5253 Sayılı Dernekler Kanunu’nda derneklerin denetimine ve yaptırıma ilişkin çok sayıda düzenleme bulunduğunu vurgulayan ÇYDD açıklamasında şunları söyledi:

*Hukuksal mevzuatımız bu haliyle bile dernekler için kısıtlayıcı ve sınırlayıcı iken; TBMM’ye sunulan yeni yasa teklifinde dernek yönetimlerine kayyum atama, dernek malvarlıklarının dondurulması ve faaliyetinin durdurulmasına ilişkin düzenlemeler bulunmaktadır. Üstelik kanun teklifindeki bu kısıtlamalar, terörizmin ve kitle imha silahlarının finansmanının engellenmesi gerekçesi ile getirilmektedir.

“SİVİL TOPLUM KURULUŞLARI DEMOKRASİNİN VAZGEÇİLMEZ ARAÇLARIDIR”

*Demokratik olmayı isteyen toplumlarda sivil toplum örgütlerinin varlığı ve hukuki güvence altında etkinlik göstermesi kaçınılmazdır. Sivil toplum kuruluşları çağdaş dünyada demokratik baskı unsurları olup demokrasinin ve çoğulcu toplum yapısının vazgeçilmez araçlarıdır. Hukuk devleti içinde yurttaşlar, yaşadıkları topluma karşı sosyal sorumluluklarını ancak demokratik kuruluşlarda örgütlenerek yerine getirebilecektir.

“SİVİL TOPLUM FAALİYETLERİNİN KISITLANMASI KABUL EDİLEMEZ”

*Özellikle belirtmek isteriz ki Atatürk ilke ve devrimlerinin korunması ve geleceğe taşınması için kurulan ve 31 yıldır bu amaçla toplum yararına çalışan Çağdaş Yaşamı Destekleme Derneği; her türlü terörün, kamu düzenine ve demokratik toplum yapısına aykırı her türlü eylemin karşısındadır.

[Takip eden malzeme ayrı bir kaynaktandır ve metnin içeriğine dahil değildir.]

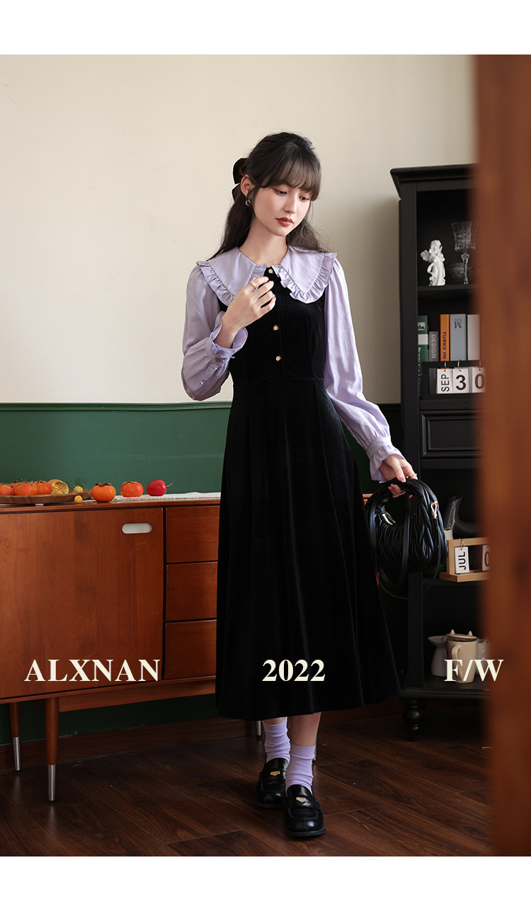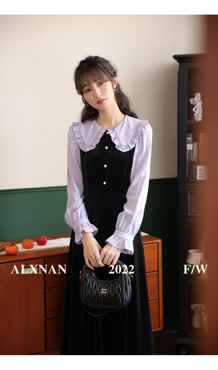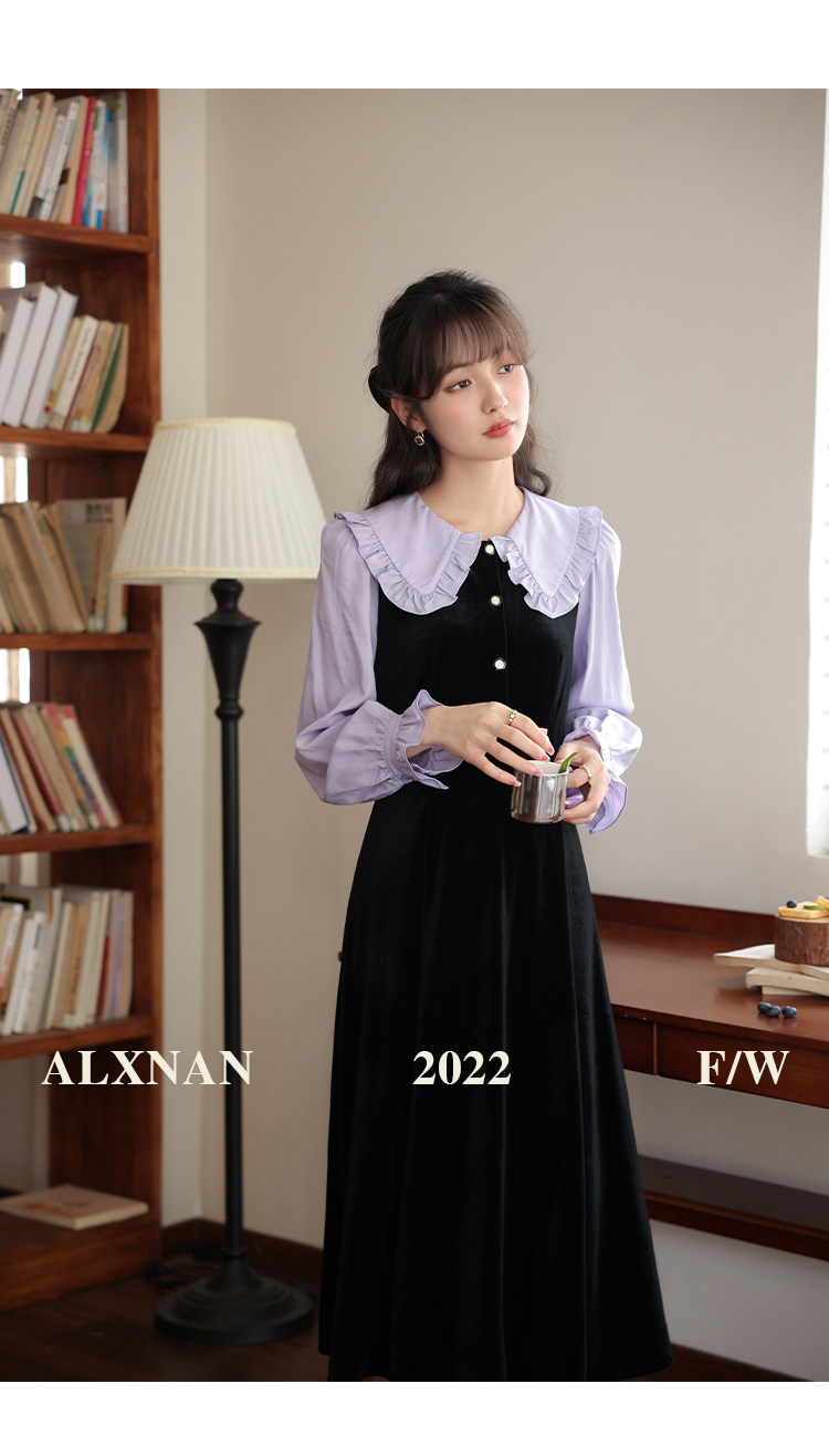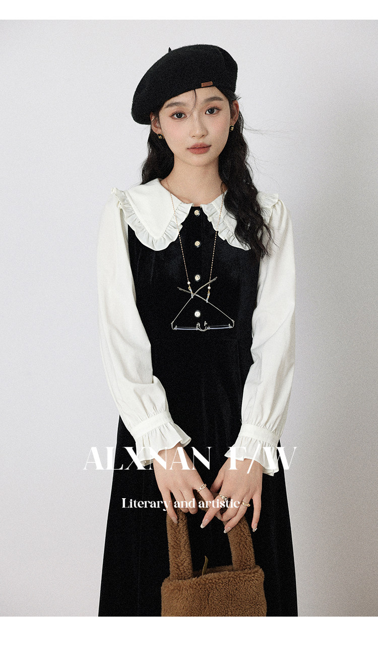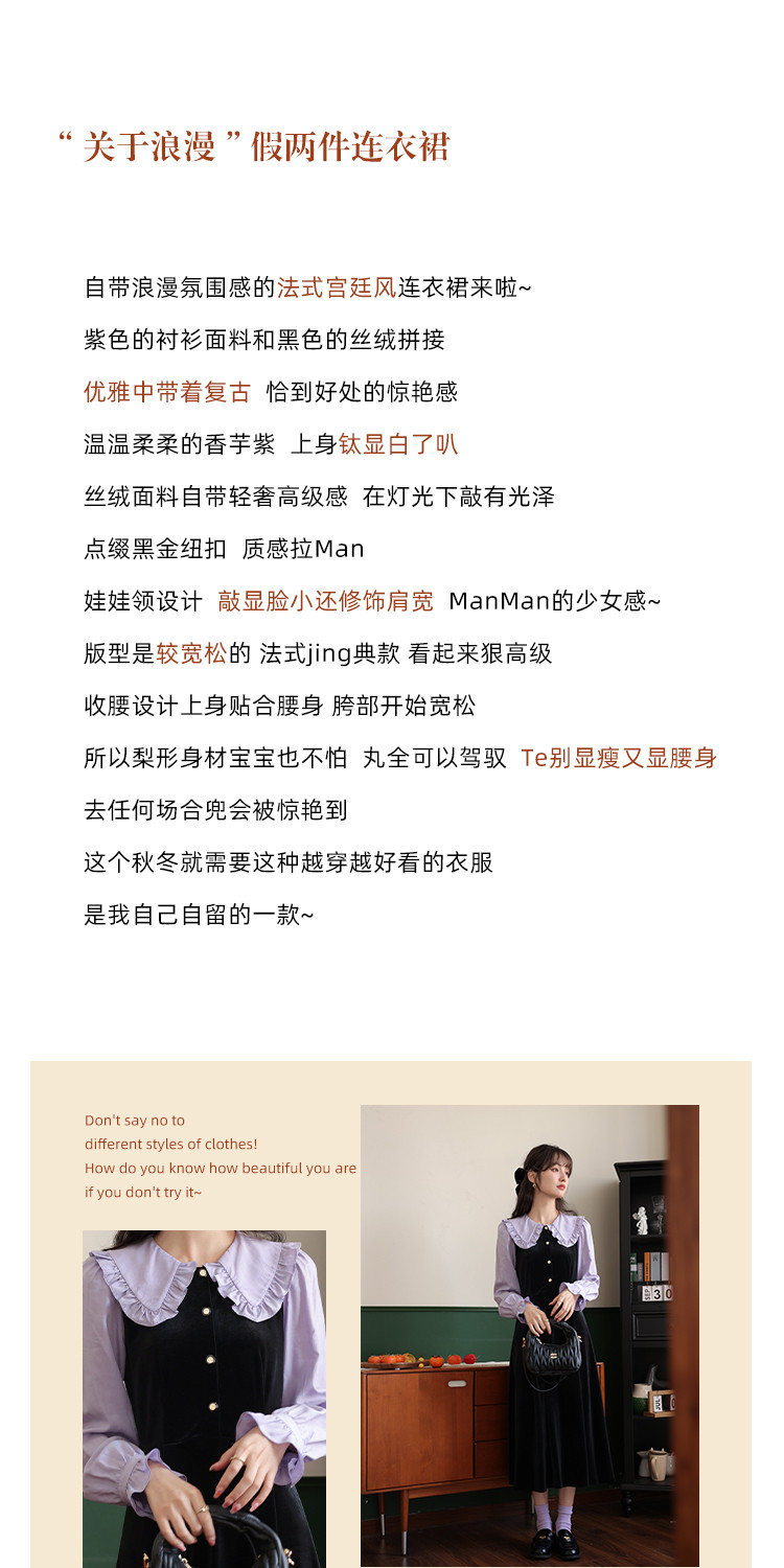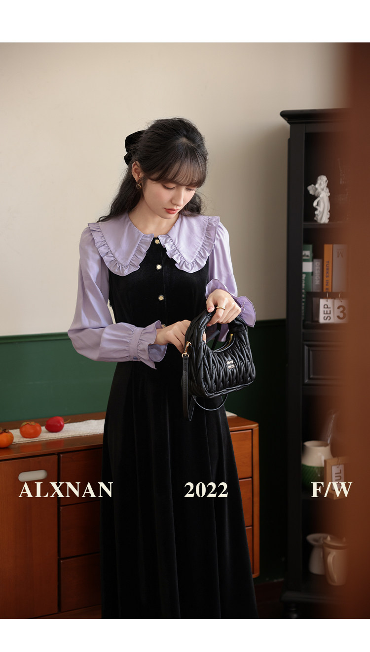 鹿向南「梦幻星辰」假两件法式桔梗娃娃领连衣裙女秋冬季收腰长裙
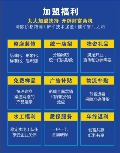 原裝進(jìn)口管業(yè)品牌德國(guó)九盛實(shí)力雄厚,對(duì)合作伙伴的支持力度大!加盟德國(guó)九盛可尊享9大服務(wù)支持,還有專(zhuān)業(yè)、有溫度的策劃團(tuán)隊(duì)與您一起撬開(kāi)強(qiáng)大市場(chǎng)份額!

Bununla birlikte, bu gerekçeler bahane edilerek yurttaşların örgütlenme hakkının ve sivil toplum faaliyetlerinin kısıtlanması da kabul edilemez.

“HAKKIN ÖZÜNE ZARAR VERİLMEMELİ”

*Kamu erkinin elinde terörle mücadele edecek her türlü imkan ve araç zaten bulunmakta iken bu gerekçe ile derneklerin yönetimlerine kayyum atanabilmesi, malvarlıklarına el konulabilmesi ve faaliyetlerinin durdurulabilmesi ülkemizin de taraf olduğu Avrupa İnsan Hakları Sözleşmesi’nin (AİHS) dernek kurma özgürlüğü ile Anayasa’nın demokratik devlet ve hukuk devleti ilkelerine aykırıdır. Bu düzenleme ile devlet ve toplum yapısı, kazanılmış anayasal hak ve özgürlükler geriye gidecektir. Hakkın özüne zarar verilmemelidir.

“BU YASA TEKLİFİ ÖNCELİKLE GERİ ÇEKİLMELİDİR”

*Anayasa hükümlerinin ve demokratik toplum yapımızın korunması adına, bu yasa teklifi öncelikle geri çekilmelidir. Yasa teklifi geri çekilmez ise Türkiye Büyük Millet Meclisi üyelerini yasa teklifini reddetme konusunda göreve ve duyarlı olmaya davet ediyoruz.